Issues will inevitably arise with anyone in a position of authority, she said, “and I can attribute them to me being a woman, or I can attribute them to me being a dean. I still have to deal with it, and I as a woman have to be creative in the way I deal with it.”
This creativity is needed, Droste said, because the concept of the pontifical university system was primarily set up for men. However, she insisted that women can “fit in,” as popes such as John XXIII, John Paul II, Benedict XVI and Francis have shown.
For her, it’s not a matter of if they should be there, but where and in what roles.
As the dean of a theology department, there are certain things that must be done “regardless of who the dean is – male, female, lay, religious, etc., that doesn’t change,” she said, adding that because men and women are different, “there are different things that we can contribute.”
Asked whether she has been treated differently than a man might be in her position, Droste said “we can always look at things in that way,” but the question she prefers to ask herself is what can she do in her role that a man cannot.
“As a woman here in this office, I have to do the same things that a man in this office would, but I will do some of them in different ways,” she said, stressing the importance of complementarity between men and women.
This complementarity is what Droste said she believes the discussion of women in the Church ought to focus.

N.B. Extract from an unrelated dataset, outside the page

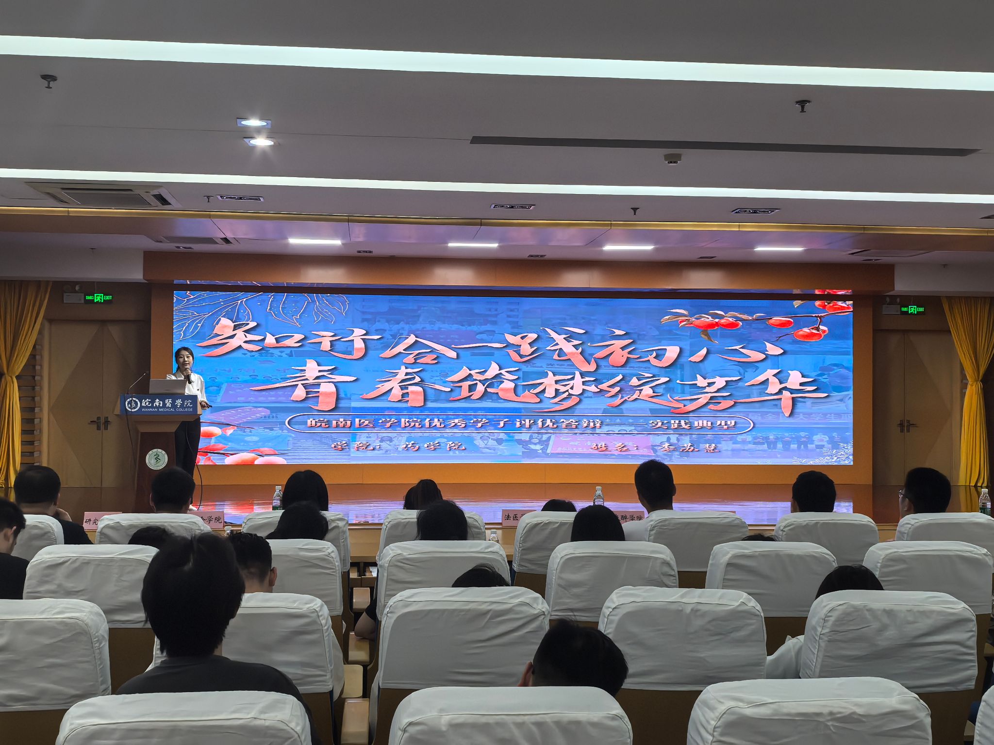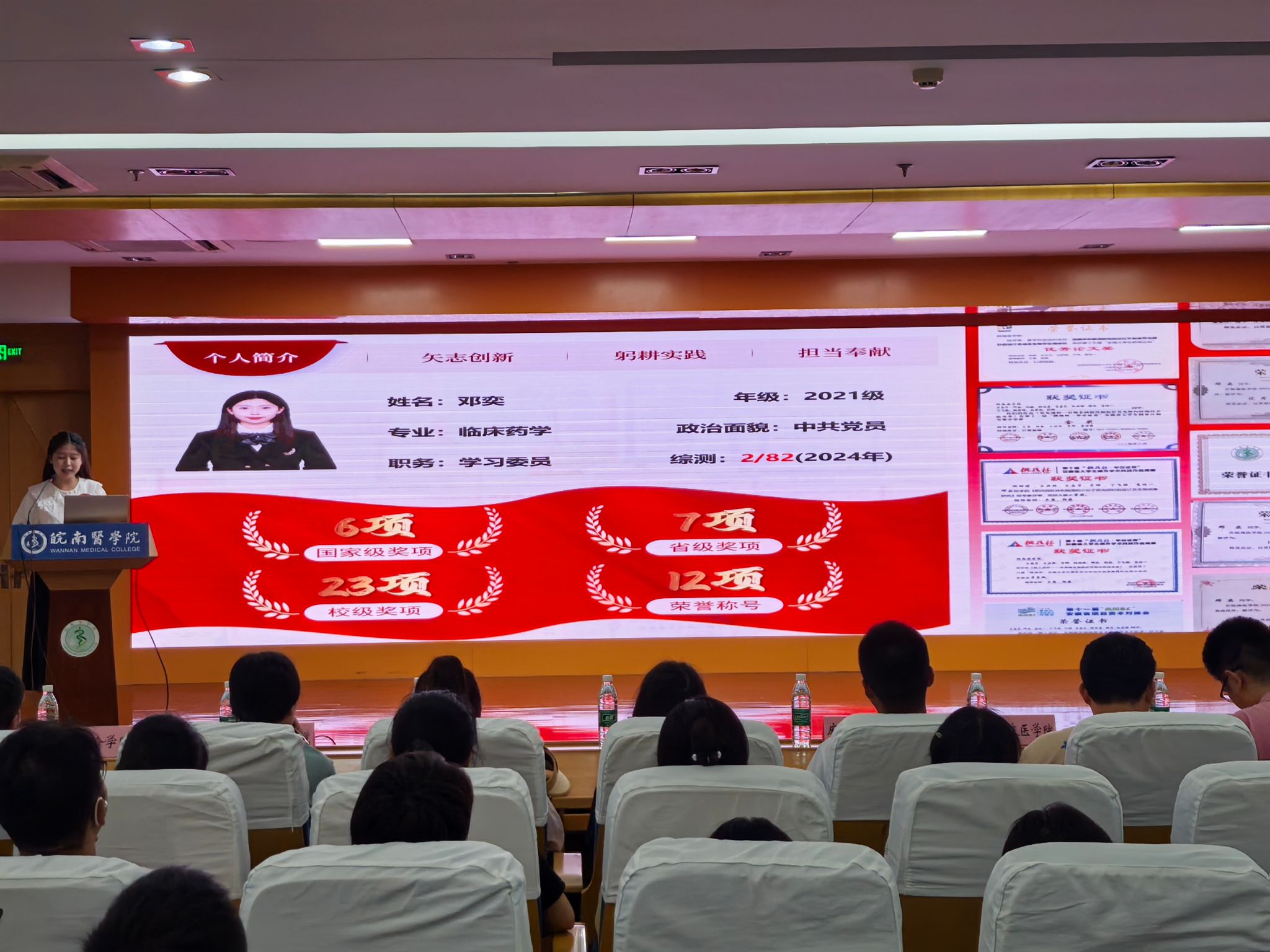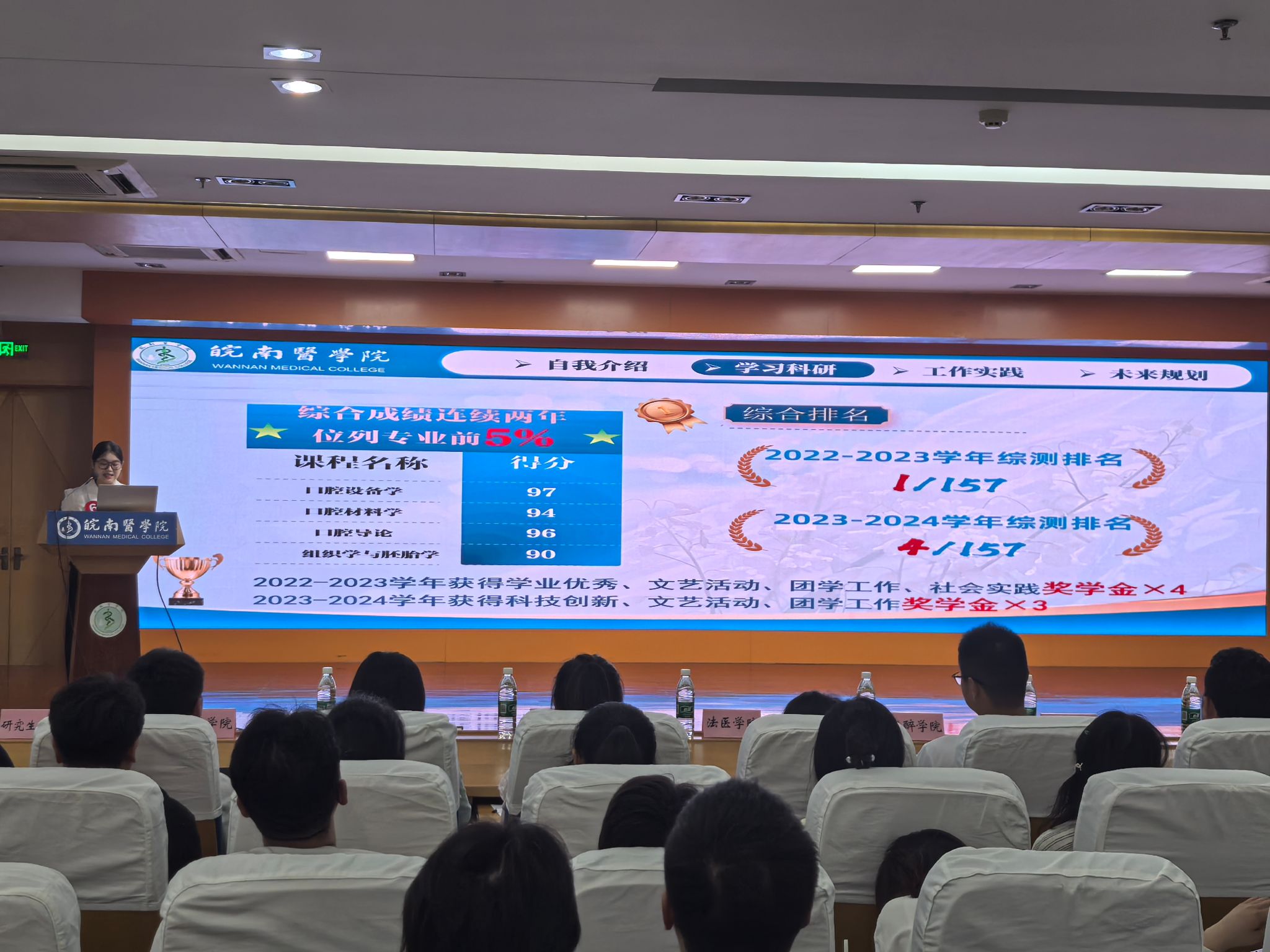 汇报现场,聚光灯下20名选手依次登台,通过PPT展示、主题演讲、舞台表演等多种形式,声情并茂地分享了他们的成长历程、奋斗故事、心路感悟与未来展望,亮点纷呈、催人奋进,展示了勤奋好学、全面发展、实践创新、自立自强、无私奉献的精神面貌。最终,吴蓓(法医学院)、邓奕(药学院)、黄宇(临床医学院)、纪阳斌(麻醉学院)、芮尔安(公共卫生学院)、王雨桐(临床医学院)、章译文(医学影像学院)、周鑫成(麻醉学院)、李苏慧(药学院)、胡静怡(口腔医学院)等10名同学凭借优异表现,拟获2024年度十大“优秀学子”荣誉称号。
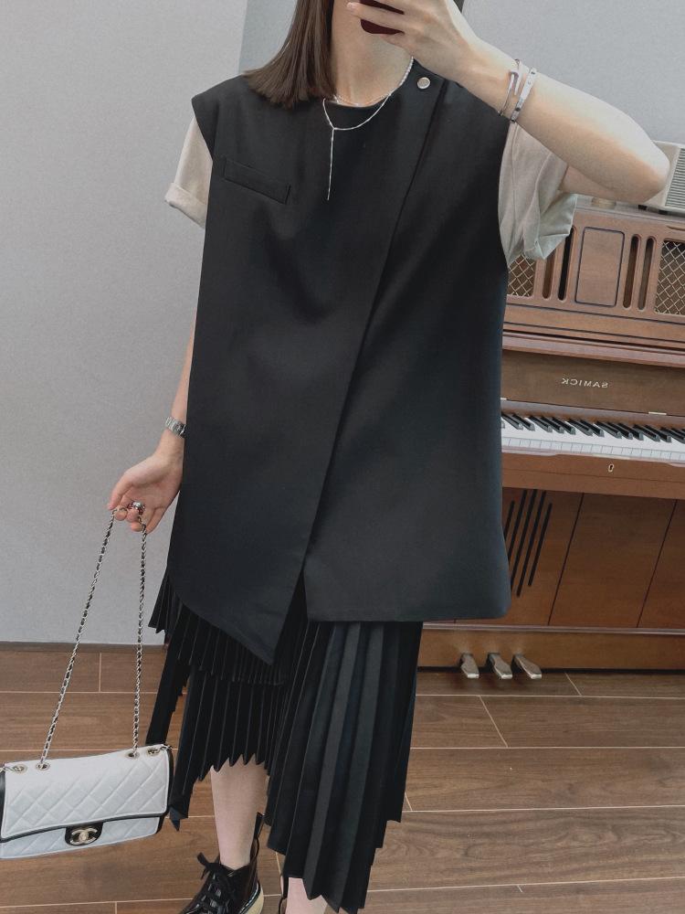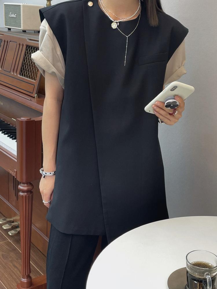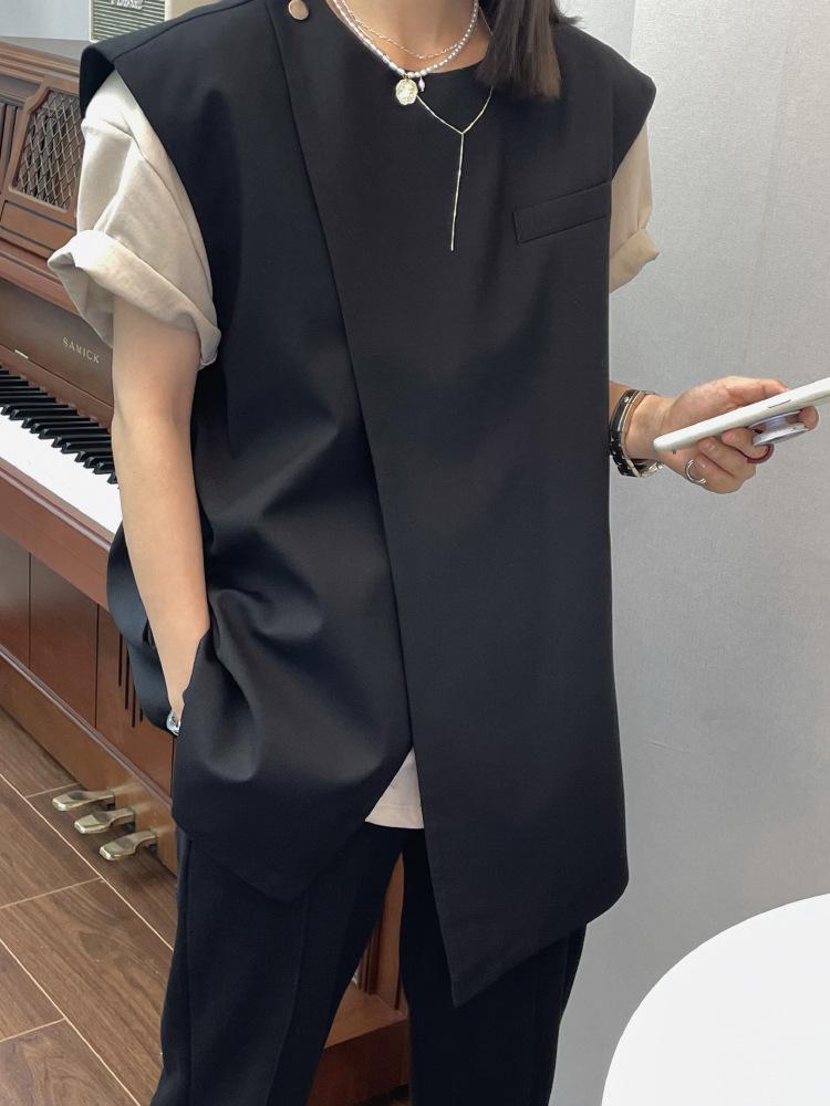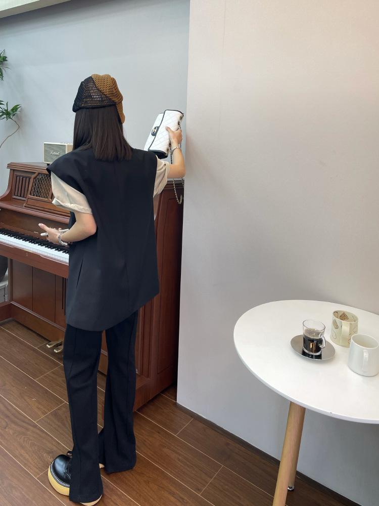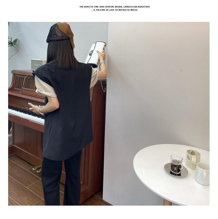 Traje Chaleco Exterior para Mujer Coreano 2025 Primavera y Verano Nuevo Negro Chaleco Exterior Chaqueta

“God created male and female, and the dialogue in the Church has to be where is the complementarity with respect to their different roles. So, it’s not just talking about women have this role, the proportion and how many women have this role,” and which roles are appropriate.
Droste said she is not in favor of simply meeting a quota of women in certain positions but emphasized the importance of finding qualified women to take on these roles.
In many cases, “there aren’t as many women who are qualified to hold those roles because the studies were not open to women, as religious or laity, in the past, so there’s a smaller pool to pick from,” she said, insisting that “we shouldn’t have a proportion right away, because the proportion of preparedness has not yet been developed.”
She also stressed that it is not just women, religious or lay, getting degrees that the Church needs, but also laymen who are “qualified and capable so that we can have this dialogue and it can be more of a true dialogue on what are the roles that women can hold in the Church, but without taking away men’s proper role,” she said.